Pictures in the entries below are to be left out; otherwise, reproduce exactly the lines from the first through the line containing "Kabeiseman-Nelson Funeral Home".

|---|

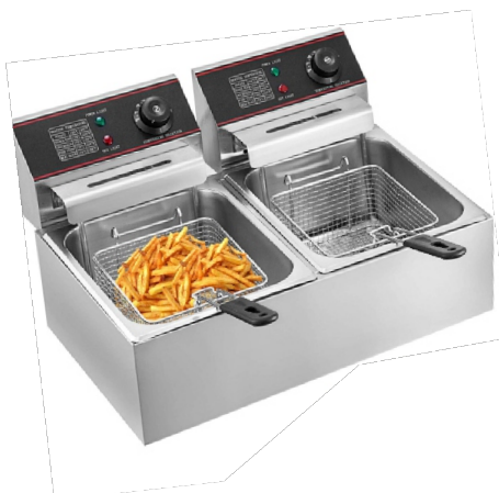
DEEP FAT FRYER (TABLE TOP) SIZE : CUSTOMIZED (DIE-117) CAPACITY : 4 TO 18 Ltr.
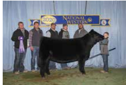
WHF Andie 369F 2020 NWSS Division Champion

2018 NAILE Grand Champion Angus Female Jr. Show
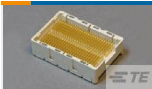
TE Part #6-1761612-0 STEP-Z PLUG 10MM 104P LF ST
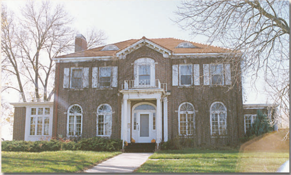
Kabeiseman-Nelson Funeral Home

business took on several different names throughout the years as several partners joined/left the firm. In 1963, the Tabor and Yankton businesses combined operations and in 1977 the firm officially became known as the the Kostel Funeral Home. Around this time Kostel Funeral Home also began doing the professional work for the operations of the Aisenbery Funeral Home in Menno, which they later purchased. 1978 – Kostel Funeral Home in Yankton moved into the current structure.
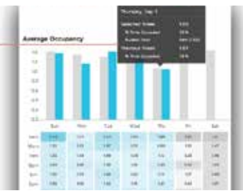
Dwelling / Occupancy Analysis
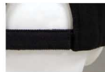
HOOK AND LOOP
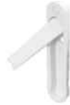
Pop Up Handle
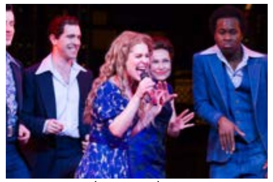
Cassidy Janson (Carole King)
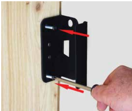
2. Secure latch to front of gate with two screws
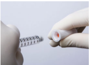
Attach the needle.
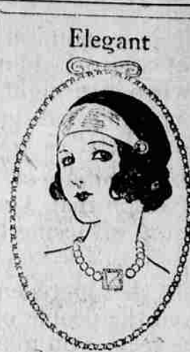
Elegant This necklace is made of large pearls and a square-cut emerald, bound on all sides by seed pearls. It is a most satisfying ornament for any woman to own.
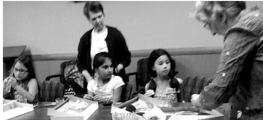
Attentively, young girls learn the skills for sewing by hand.

In April we began to offer short-term, after-school clubs. Volunteers stepped up to share their talents in three areas: weaving, loom weaving, and hand sewing. Each of these three clubs met between two and four times during April. The kids who came had a great time, and we will continue to explore how people at Zion can share their gifts with children at Monroe.
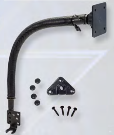
GN088-SBH-AMPS 18" Flexible Aluminum Gooseneck Seat Rail or Floor Mount with AMPS Mounting Head
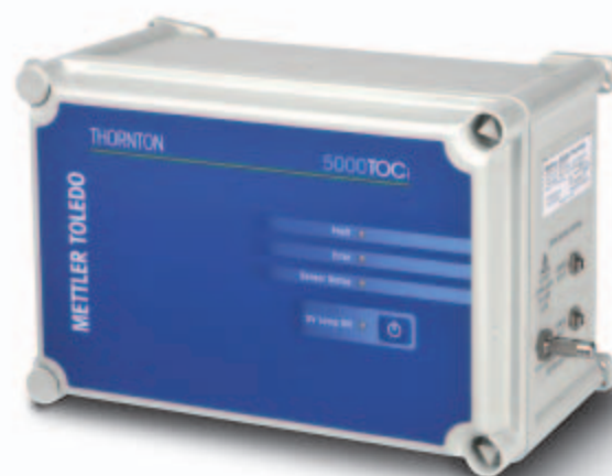
Total Organic Carbon Sensor 5000TOC i

|---|

RESPONSE:
DEEP FAT FRYER (TABLE TOP) SIZE : CUSTOMIZED (DIE-117) CAPACITY : 4 TO 18 Ltr.
WHF Andie 369F 2020 NWSS Division Champion

2018 NAILE Grand Champion Angus Female Jr. Show
TE Part #6-1761612-0 STEP-Z PLUG 10MM 104P LF ST
Kabeiseman-Nelson Funeral Home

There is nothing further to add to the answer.